Recording-rule names follow the documented Prometheus convention level:metric:operation so a dashboard reader can read what the series is without opening the YAML.

Grafana — importing the dashboards

The dashboards live in docs/grafana/ and use a templated ${DS_PROMETHEUS} datasource so the import wizard binds cleanly to whatever Prometheus instance you point them at.

Open Grafana → Dashboards → Import.
Click Upload JSON file and select either orbitalreg-overview.json or orbitalreg-deep-dive.json. (You can also paste the file contents into the "Import via panel json" text area.)
On the next screen pick the Prometheus datasource that scrapes /metrics (the ${DS_PROMETHEUS} placeholder is bound here).
Click Import.

To version-control the import, keep the JSON files alongside your Grafana provisioning config:

yaml

# grafana-provisioning/dashboards/orbitalreg.yaml
apiVersion: 1
providers:
  - name: orbitalreg
    folder: OrbitalReg
    type: file
    options:
      path: /var/lib/grafana/dashboards/orbitalreg

…and drop the two JSON files under /var/lib/grafana/dashboards/orbitalreg/. Grafana picks them up at startup and re-syncs whenever the file changes.

Dashboard layout

Overview is the morning glance: RPS, 5xx rate, latency p50/p95/p99, inflight, pg-pool saturation, S3 latency p99 per-op, S3 error rate, scan-queue depth per state, retention sweep p99, replication lag per peer, license expires-in days, build-info table.
Deep-dive is the triage view: per-route topk RPS / p99 / 5xx %, status-code distribution, per-method, pool saturation %, per-op S3 throughput + p95 + error class, scan-queue per state, per-scanner duration p99, outcome counters, retention deletes per repo, per-peer replication lag / outbox / push errors, license checks per outcome, uptime.

The deep-dive dashboard's per-route panels use the route:http_requests:rate5m and route:http_request_duration_seconds:p99_5m recording rules — they will only populate once the rule file is loaded into Prometheus.

Prometheus — loading the alert rules

Drop orbitalreg.alerts.yaml into your Prometheus rule directory and reference it from the main config:

yaml

# prometheus.yml
rule_files:
  - /etc/prometheus/rules/orbitalreg.alerts.yaml

Reload Prometheus (POST /-/reload or SIGHUP) and confirm under Status → Rules that all seven recording rules and ten alert rules show up green.

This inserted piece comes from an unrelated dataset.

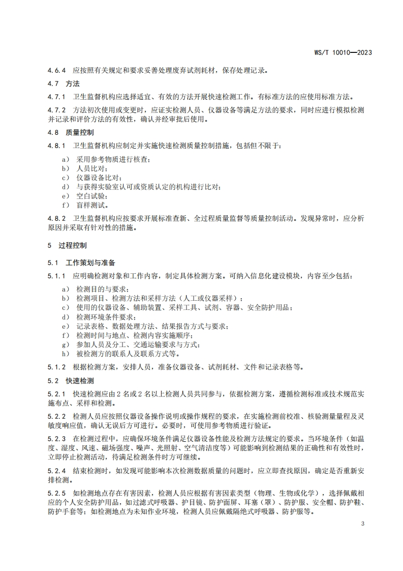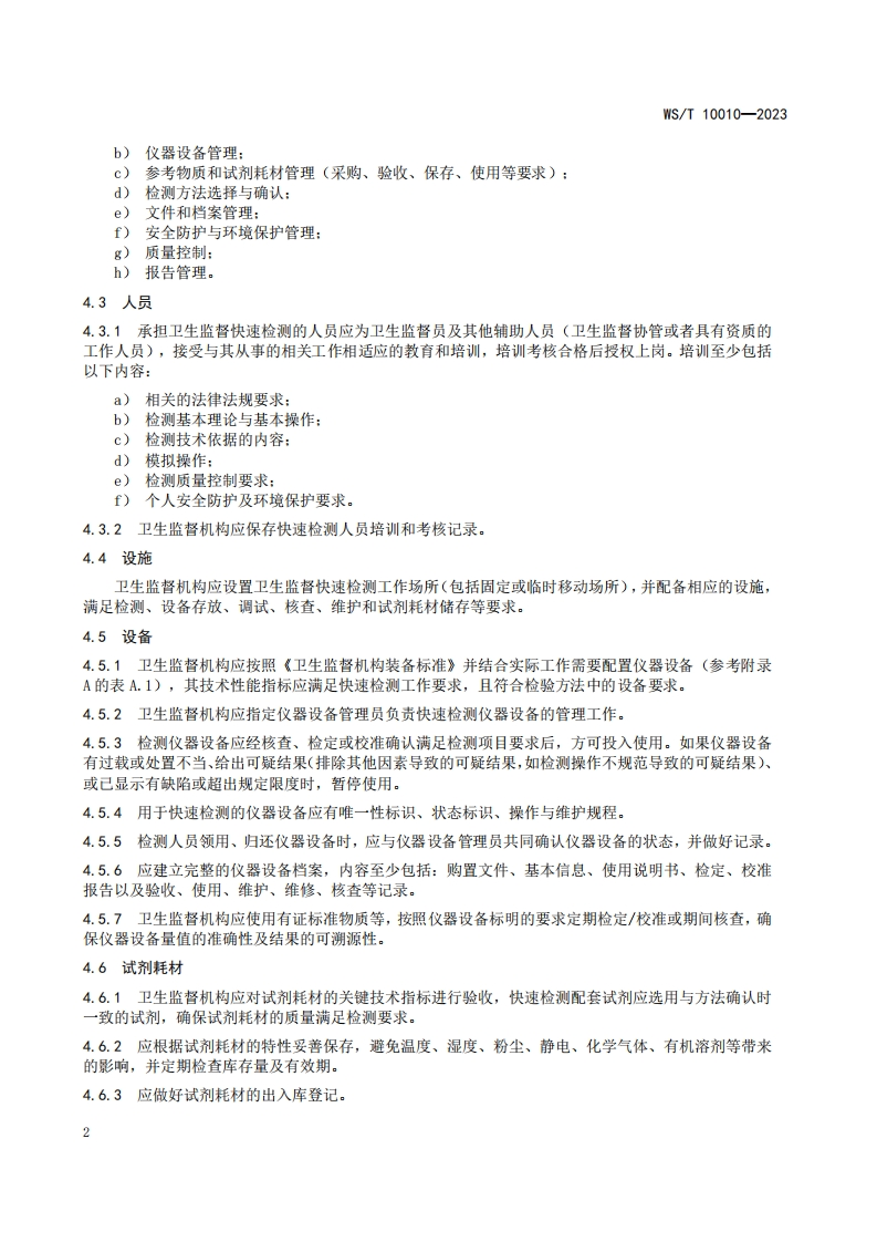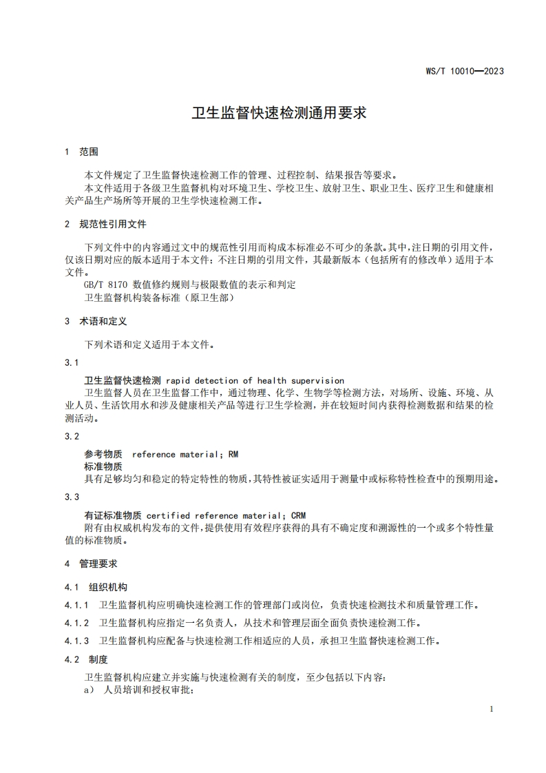 卫生监管快速检测通用规范Generalspecificationsforrapiddetectionofhealthsupervision348072@abc9天前发布关注私信0.58MB11页032卫生监管快速检测通用规范Generalspecificationsforrapiddetectionofhealthsupervision此内容为付费资源,请付费后查看¥13¥19黄金会员免费钻石会员免费立即购买您当前未登录!建议登陆后购买,可保存购买订单付费资源 第1页 / 共11页 第2页 / 共11页 第3页 / 共11页 第4页 / 共11页 第5页 / 共11页 试读已结束,还剩6页,您可下载完整版后进行离线阅读 THE END标准规范 文本预览 ICS11.020CCS C50WS中华人民共和国卫生行业标准WS/T10010—2023代替WS/T458一2014卫生监督快速检测通用要求General requirements for rapid detection of health supervision2023-12-15发布2024-05-01实施国家疾病预防控制局发布 查看更多 收起部分 喜欢就支持一下吧收藏

The alert-rule CI guard (make prometheus-alerts-test) parses the same file and refuses any PromQL that references an undeclared metric, so a clean test run is a strong signal the file will load against any Prometheus that scrapes the API.

Severity convention

Every alert carries two routing labels:

severity — page (operator must wake up; SLO burning now) or warning (investigate within business hours).
subsystem — api / postgres / storage / scan / geosync / license / retention. Lets Alertmanager route per team without inspecting the alert name.

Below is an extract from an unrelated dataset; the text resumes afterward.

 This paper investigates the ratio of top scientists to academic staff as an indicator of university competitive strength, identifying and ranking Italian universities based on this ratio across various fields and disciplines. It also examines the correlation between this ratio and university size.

Alertmanager routing examples

The bundled rules expose the labels Alertmanager needs to route without any extra wrapping. Three minimal recipes follow — pick the one that matches how your team already does on-call.

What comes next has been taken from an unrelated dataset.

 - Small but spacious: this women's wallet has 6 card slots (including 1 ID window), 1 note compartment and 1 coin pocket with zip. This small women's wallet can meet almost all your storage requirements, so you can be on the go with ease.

PagerDuty (page-severity → wake the operator)

yaml

# alertmanager.yml — PagerDuty for page, Slack for warning
route:
  receiver: default
  group_by: ['alertname', 'subsystem']
  group_wait: 30s
  group_interval: 5m
  repeat_interval: 4h
  routes:
    - matchers:
        - severity = page
      receiver: pagerduty-orbitalreg
      continue: false
    - matchers:
        - severity = warning
      receiver: slack-orbitalreg
      continue: false

receivers:
  - name: default
    # silently absorb anything that doesn't match the routes above.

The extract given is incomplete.